** EXERCISE OBJECTIVE **
From the records below, please print only the lines from the one containing "D’ailleurs, pour l’anecdote, Bill" through the one containing "Дверные замки Tuya", both included. Skip the pictures.

** DATASET CONTENT **
<<<<
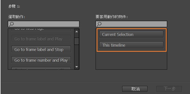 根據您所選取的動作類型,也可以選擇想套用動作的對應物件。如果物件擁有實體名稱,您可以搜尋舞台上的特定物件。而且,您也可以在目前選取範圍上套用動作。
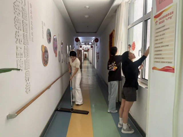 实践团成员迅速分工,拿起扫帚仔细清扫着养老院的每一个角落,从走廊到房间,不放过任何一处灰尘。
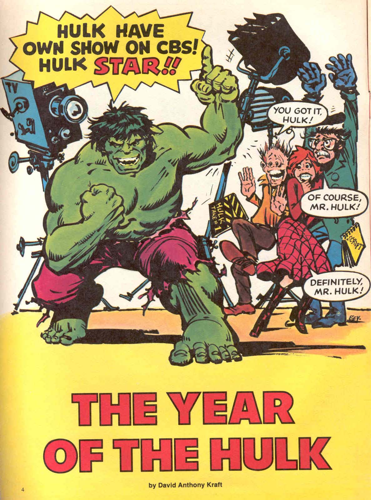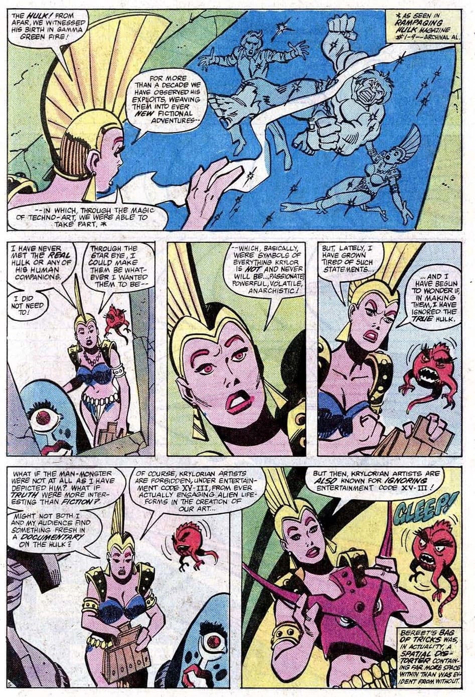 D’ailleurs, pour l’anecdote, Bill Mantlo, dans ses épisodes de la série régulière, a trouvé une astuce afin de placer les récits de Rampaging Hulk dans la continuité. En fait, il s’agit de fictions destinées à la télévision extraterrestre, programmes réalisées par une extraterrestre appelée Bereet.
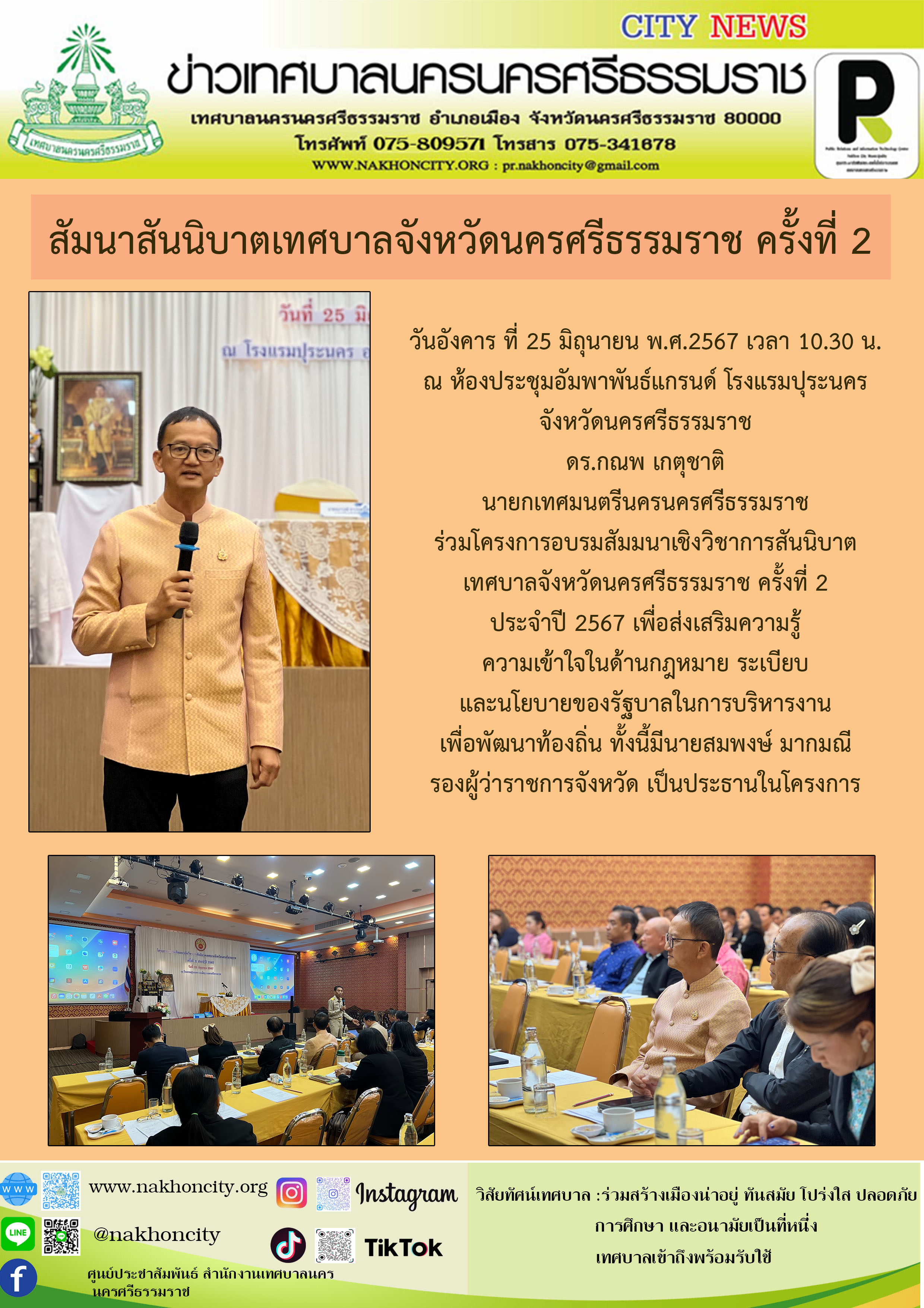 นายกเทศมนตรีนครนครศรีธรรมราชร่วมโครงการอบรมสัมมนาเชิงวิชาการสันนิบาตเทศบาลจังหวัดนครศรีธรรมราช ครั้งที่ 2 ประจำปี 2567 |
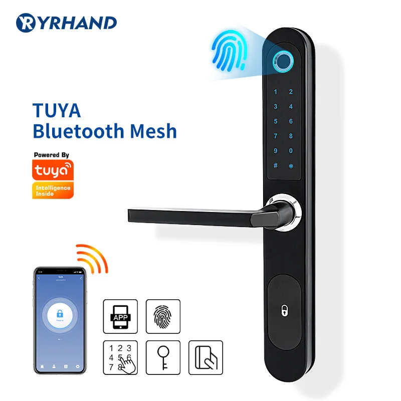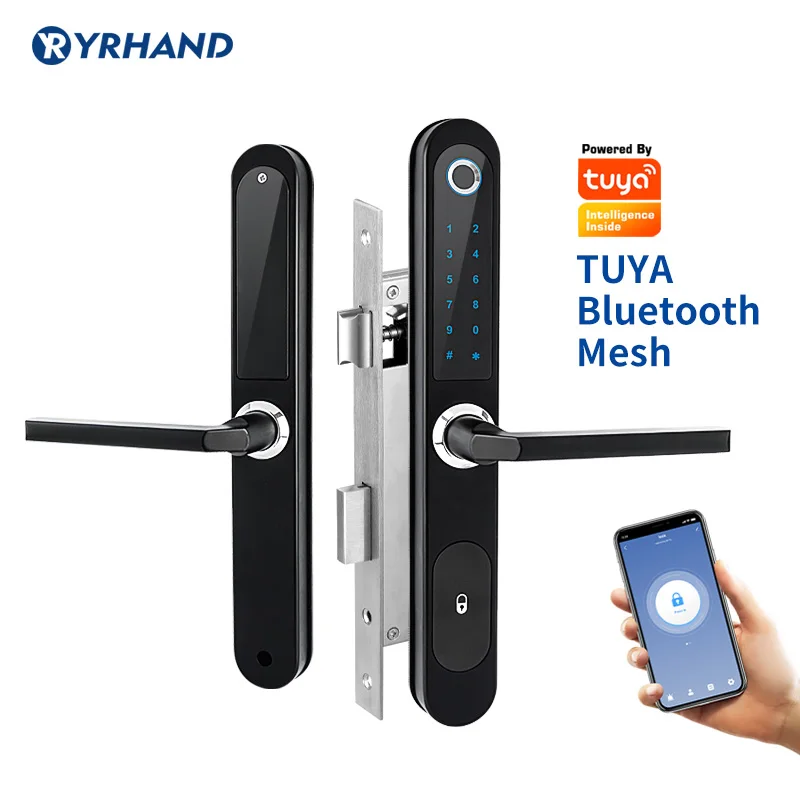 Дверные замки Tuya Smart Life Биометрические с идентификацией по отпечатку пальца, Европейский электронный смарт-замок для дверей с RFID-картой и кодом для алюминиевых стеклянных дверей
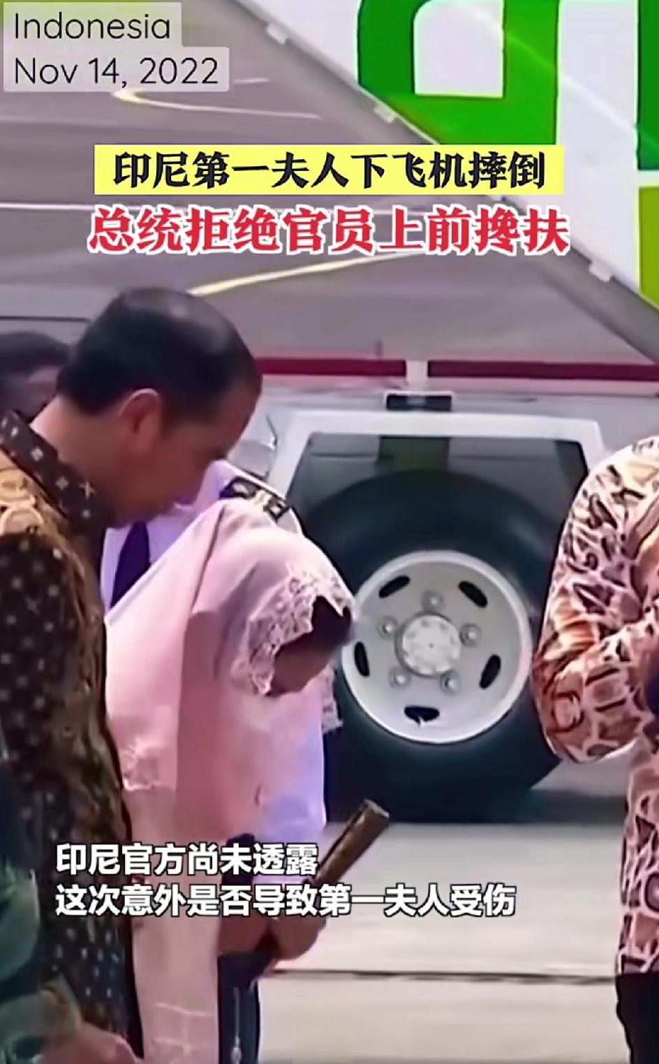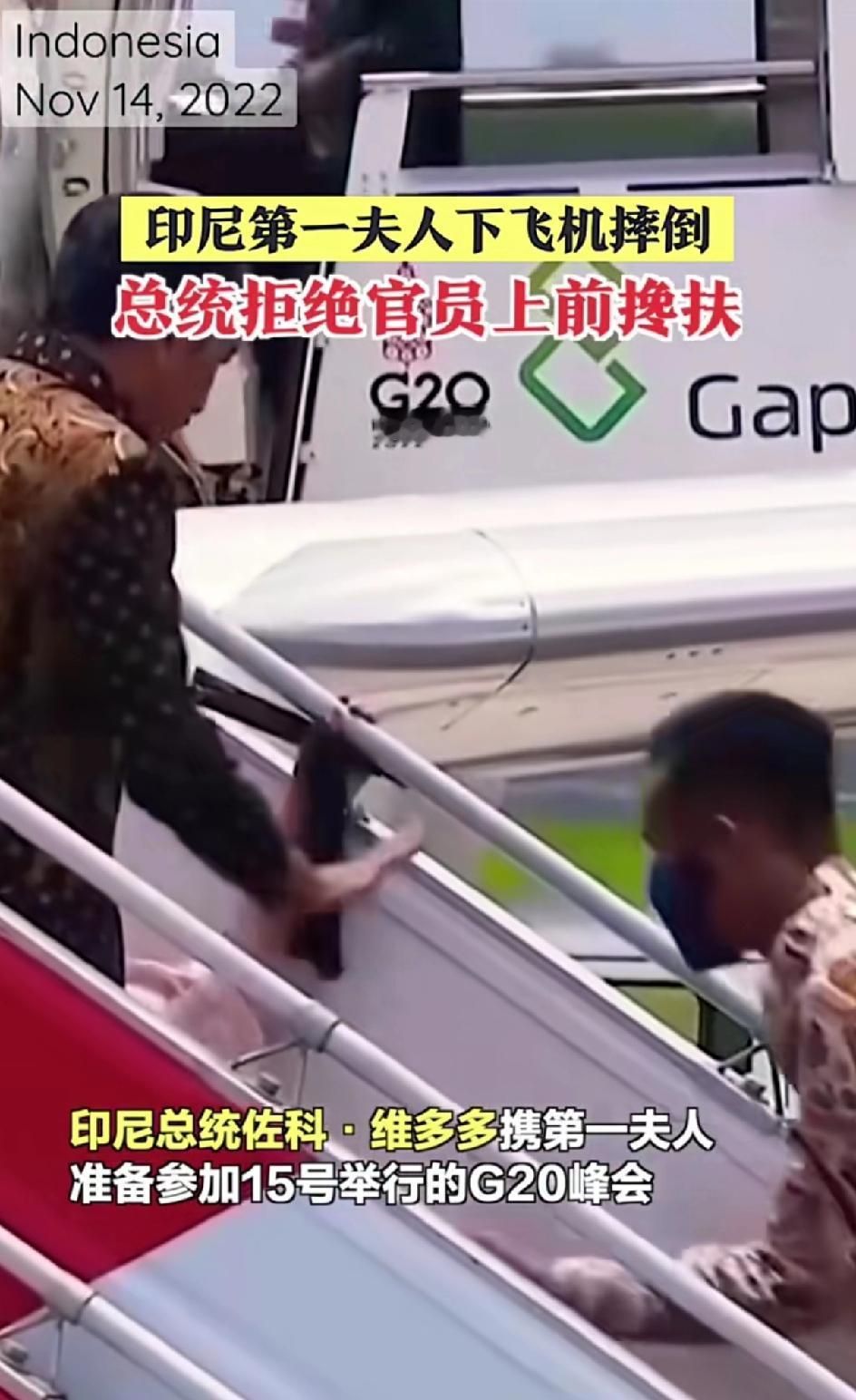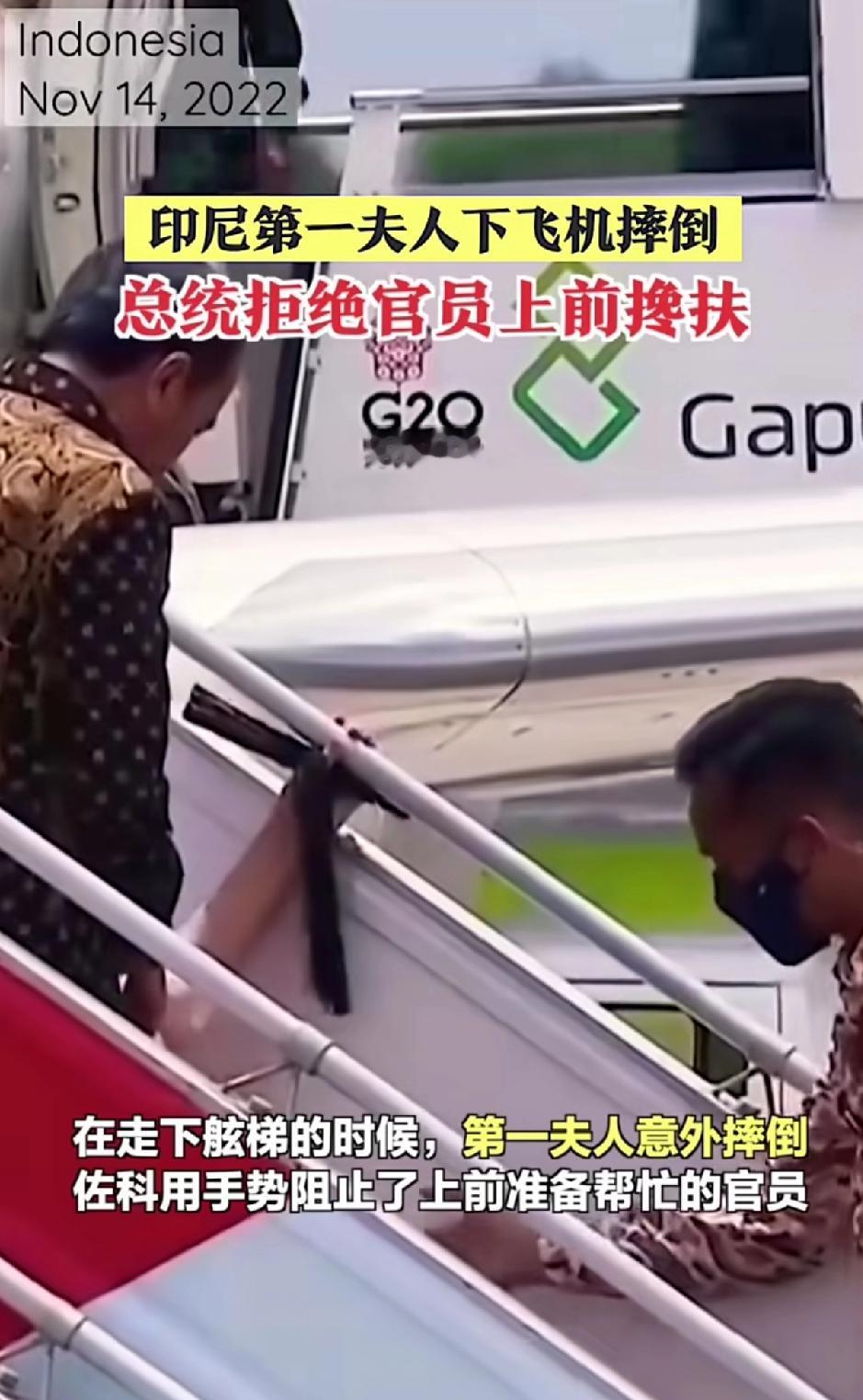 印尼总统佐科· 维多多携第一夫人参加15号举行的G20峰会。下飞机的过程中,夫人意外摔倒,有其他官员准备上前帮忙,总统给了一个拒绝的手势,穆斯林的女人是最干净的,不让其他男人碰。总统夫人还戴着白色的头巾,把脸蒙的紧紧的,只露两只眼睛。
>>>>
** RESPONSE **
 D’ailleurs, pour l’anecdote, Bill Mantlo, dans ses épisodes de la série régulière, a trouvé une astuce afin de placer les récits de Rampaging Hulk dans la continuité. En fait, il s’agit de fictions destinées à la télévision extraterrestre, programmes réalisées par une extraterrestre appelée Bereet.
 นายกเทศมนตรีนครนครศรีธรรมราชร่วมโครงการอบรมสัมมนาเชิงวิชาการสันนิบาตเทศบาลจังหวัดนครศรีธรรมราช ครั้งที่ 2 ประจำปี 2567 |
 Дверные замки Tuya Smart Life Биометрические с идентификацией по отпечатку пальца, Европейский электронный смарт-замок для дверей с RFID-картой и кодом для алюминиевых стеклянных дверей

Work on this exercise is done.